[GHC] #8199: Get rid of HEAP_ALLOCED
GHC
ghc-devs at haskell.org
Fri Apr 11 19:30:58 UTC 2014
#8199: Get rid of HEAP_ALLOCED
----------------------------+----------------------------------------------
Reporter: ezyang | Owner: ezyang
Type: feature | Status: new
request | Milestone: 7.10.1
Priority: normal | Version: 7.7
Component: | Keywords:
Compiler | Architecture: Unknown/Multiple
Resolution: | Difficulty: Project (more than a week)

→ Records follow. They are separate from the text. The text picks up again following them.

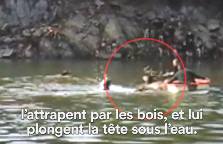 Alors qu'elle tente d'échapper à la meute de chiens en passant par un point d'eau, deux chasseurs en barque s'approchent de l'animal et lui maintiennent la tête sous l'eau en appuyant sur ses bois. Une fois noyé, l'animal est sorti de l'eau puis dépecé. Selon un sondage Ifop pour la Fondation Brigitte Bardot, 84% des Français se prononcent pour l'interdiction de la chasse à courre, rappelle le média.
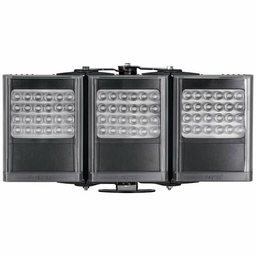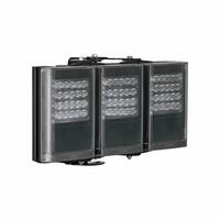 Delivering world leading power and illumination distances VARIO2 next generation illuminators can improve the performance of any video surveillance system at night. VARIO2 illuminators use PLATINUM Elite SMT LED technology to deliver more power and greater distances from a smaller platform than current generation illuminators. Providing a broader range of solutions, the VARIO2 series also offers a suite of advanced security features for easier programming and safer operation of smart lighting systems. VARIO2 features an interchangeable lens system with Hot-spot Reduction Technology, and Adaptive Illumination™ on double and triple panel models to deliver highly even illumination, where it is most needed, for outstanding night-time images. With the optional hand-held remote control, VARIO2 also makes installation and commissioning quicker, easier and safer. The VARIO2 i8-3 Infra-Red series delivers maximum distances up to 606m (1988ft).
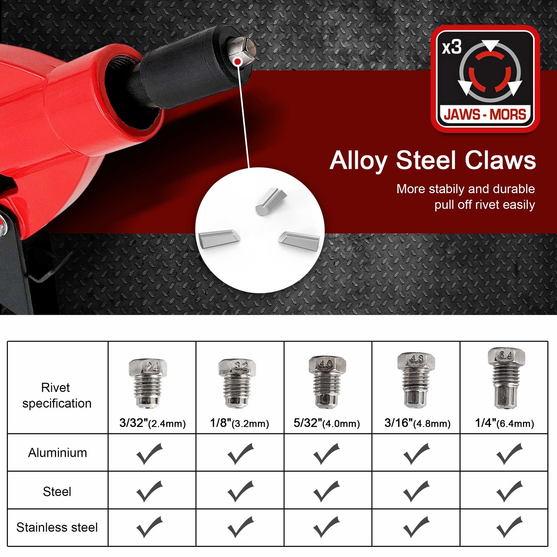 - 5 Replaceable Nosepieces:Our rivet gun with portable wrench can easily quick change among 5 sizes nozzles 3/32"(2.4mm), 1/8"(3.2mm), 5/32"(4mm), 3/16"(4.8mm) and 1/4-Inch (6.4mm).Suitable for aluminium, stainless steel or steel blind rivets
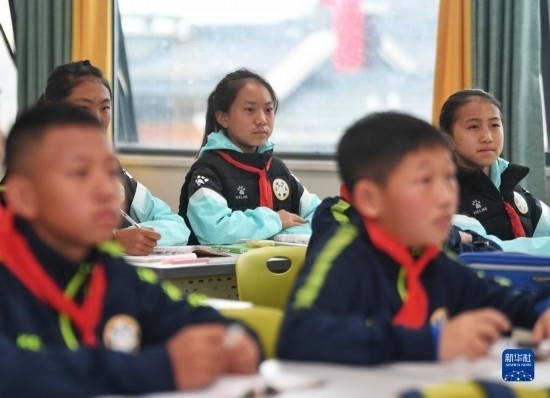 在瀘州天立春雨學(xué)校教室,來(lái)自涼山彝族自治州的舍布么扯鳩莫(中)在課堂上聽講(3月28日攝)。
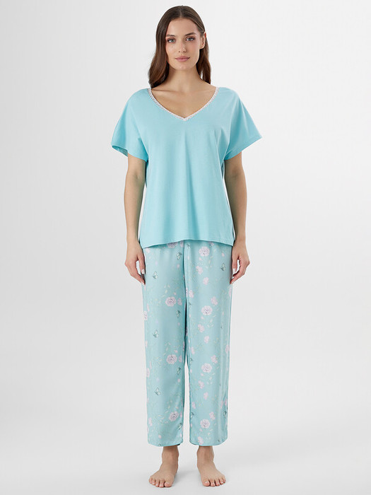 Совместные покупки Омск Женская одежда Пижамы, халаты — Mark Formelle КОМПЛЕКТ ЖЕНСКИЙ (ФУТБОЛКА, БРИДЖИ) 592545 592545 мятный +цветы на
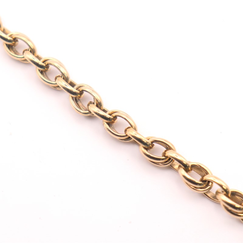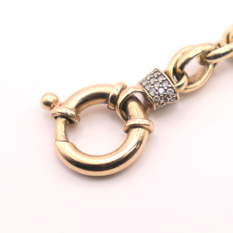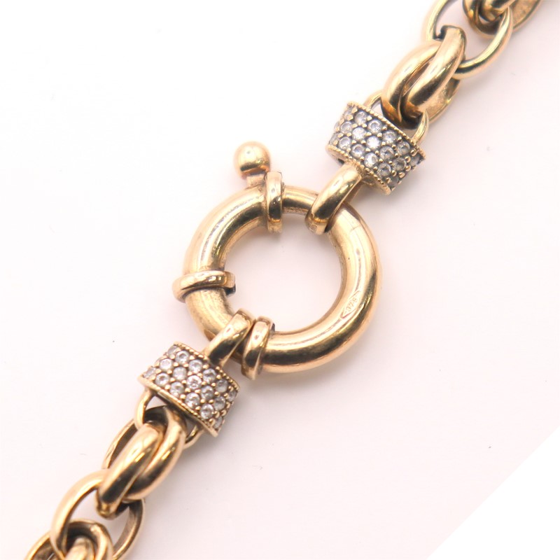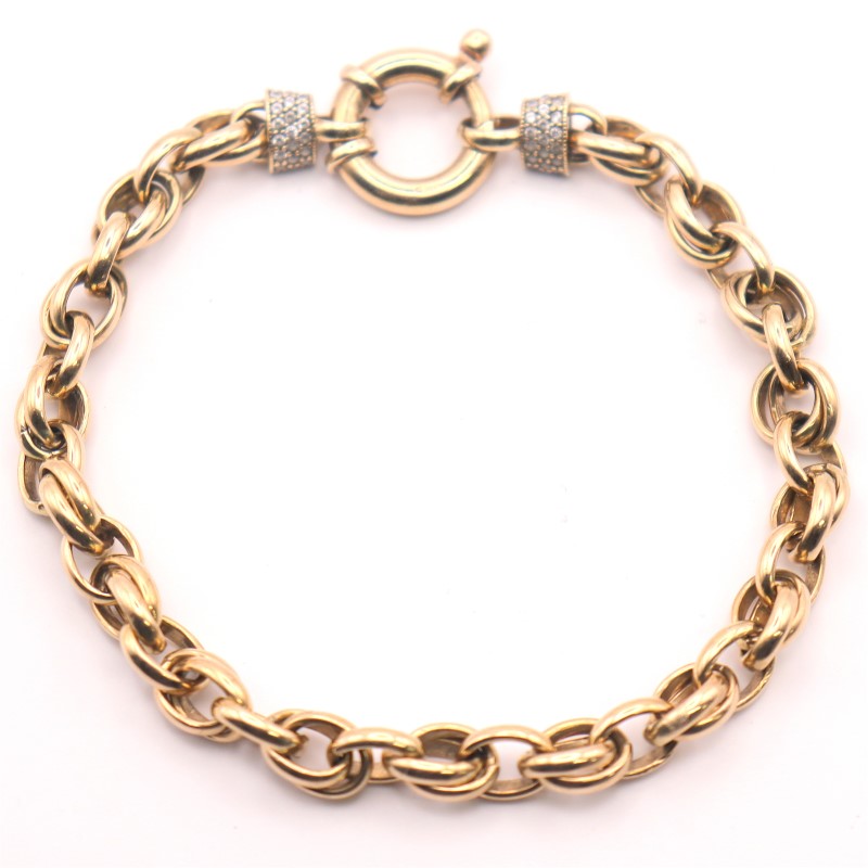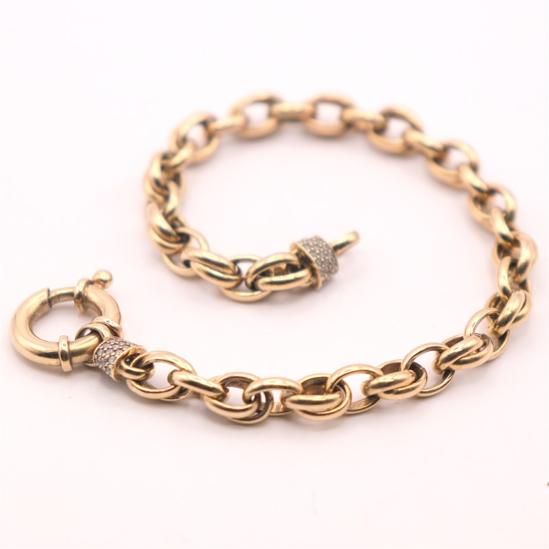 Elegant 9 karat yellow gold belcher chain bracelet. Crafted from high-quality 9K yellow gold, this ladies' bracelet features a smooth, classic belcher design. Accented with 30 clear stones, the bracelet sparkles with subtle brilliance. Weighing a substantial 18.79 grams, it's a timeless and versatile piece suitable for any occasion. The hallmark of .375 ensures the authenticity of the 9 karat gold. All sizes and measurements are approximate.
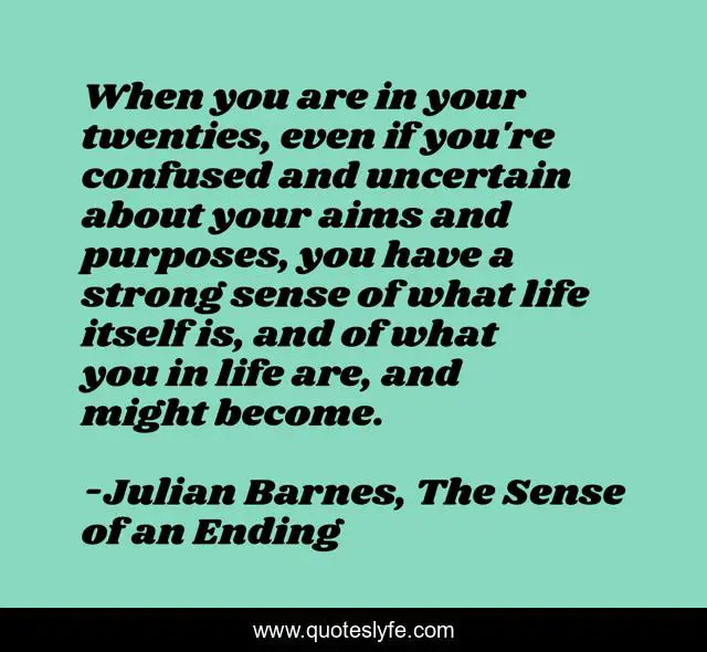 This page presents the quote "When you are in your twenties, even if you're confused and uncertain about your aims and purposes, you have a strong sense of what life itself is, and of what you in life are, and might become.". Author of this quote is Julian Barnes, The Sense of an Ending. This quote is about youth, life-philosophy, twenties,.

Operating System: | Blocked By: 5435
Unknown/Multiple | Related Tickets:
Type of failure: |
None/Unknown |
Test Case: |
Blocking: |
----------------------------+----------------------------------------------
Old description:
> This bug is to track progress of removing HEAP_ALLOCED from GHC,
> promising faster GC (especially for large/scattered heaps), as long as we
> can keep the cost of indirections down.
>
> The relevant wiki article:
> http://ghc.haskell.org/trac/ghc/wiki/Commentary/Rts/Storage/HeapAlloced ;
> we are implementing method 2. Version 2 of the patchset is probably
> correct.
>
> Blocking problems:
>
> * Properly handle the Windows DLL case (e.g. SRTs). We will probably have
> to reorganize how the indirections are laid out.
>
> * ~~Make it work for GHCi linking of static objects.~~ Blocked on #2841,
> I have it working for ELF, and can make it work for other platforms as
> soon as I get relevant machines.
>
> * Bikeshed hs_main API changes (because closures are not valid prior to
> RTS initialization, so you have to pass in an indirection instead)
>
> * Does not work with unloadObj (see comments below)
>
> Performance improvements possible:
>
> * ~~This patch introduces a lot of new symbols; ensure we are not unduly
> polluting the symbol tables. (In particular, I think _static_closure
> symbols can be made hidden).~~ I've eliminated all of these except for
> the init symbols, which cross the stub object and assembly file boundary,
> and so would need to be made invisible by the linker.
>
> * Don't pay for a double indirection when -fPIC is turned on. Probably
> the easiest way to do this is to *not* bake in the indirections into
> compiled code when it is -fPIC'd, and instead scribble over the GOT.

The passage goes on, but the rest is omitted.